Winkler Prins

Anthony Winkler Prins (1870)

Gepubliceerd op 09-08-2018

Mungo Park

betekenis & definitie

Mungo Park, een moedig onderzoeker der binnenlanden van Afrika, werd geboren te Fowlshiels in Schotland den 10den September 1771, studeerde te Edinburgh in de geneeskunde en vestigde zich als geneesheer te Selkirk, doch vertrok weldra als scheepsheelmeester naar Indië. Bij zijn terugkeer vervoegde hij zich bij de African Association te Londen met het verzoek om op hare kosten een togt naar Afrika te ondernemen tot het opsporen van de Nigerbronnen. Na het ontvangen van een toestemmend antwoord begaf hij zich den 22sten Mei 1795 naar de Engelsche factorij Pisania aan de Gambia en trok oostwaarts door de koningrijken Moelli, Bondoe, Kajaaga, Kasson, Kaarta en Loedamar. Hier verscheen hij in Maart 1796, doch zag er zijn leven bedreigd, zoodat hij zich door de vlugt moest redden.

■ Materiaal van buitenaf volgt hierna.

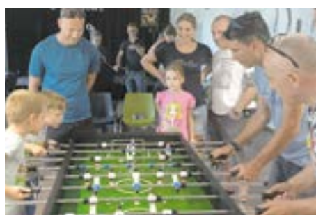
I Smoleckie Mistrzostwa w Piłkarzykach Stołowych | fot. GOKiS Smolec

Mistrzowski poziom został utrzymany, a na podium znalazły się drużyny: GUCIE, FC WSPOMNIENIE, MAREK&AREK

Op den 20sten Junij van dat jaar bereikte hij de Niger en volgde toen den loop van deze rivier stroomopwaarts. Eindelijk dwongen onoverkomelijke hindernissen hem tot den terugtogt. Hij volgde westwaarts de rivier en bereikte in September het koningrijk Mandingo, waar hij wegens ongesteldheid 7 maanden moest blijven. Eerst den 10den Junij 1797 kwam hij weder te Pisania en reisde vanhier over Antigua naar Londen. In 1799 verscheen het verslag van zijn merkwaardigen togt onder den titel: „Travels in the interior of Africa”.

Nadat hij voorts tot 1805 als geneesheer was werkzaam geweest, ondernam hij een tweeden togt in Afrika, verliet in April met 36 Europeanen de factorij aan de Gambia en bereikte met 7 van hen de Niger. Te Sansanding in het koningrijk Bambarra bouwde hij eene boot, om zijne reis langs de Niger voort te zetten. Vooral zond hij zijn dagboek naar Pisania, en hieruit blijkt, dat nog slechts 4 van zijne medgezellen in leven waren. In het koningrijk Haoessa werden zij door eene gewapende bende aangevallen; zijne reisgenooten bezweken voor de pijlen der Negers, en Mungo Park, die zich zwemmende poogde te redden, kwam om in het water. Een slavenhandelaar bragt in 1806 daarvan de tijding in de Engelsche kolonie aan de Senegal, en eerst in 1815 verscheen het verhaal van dezen tweeden togt, daar de papieren van den kloeken reiziger aanvankelijk in het bezit waren gebleven van den Koning van Jaoeri.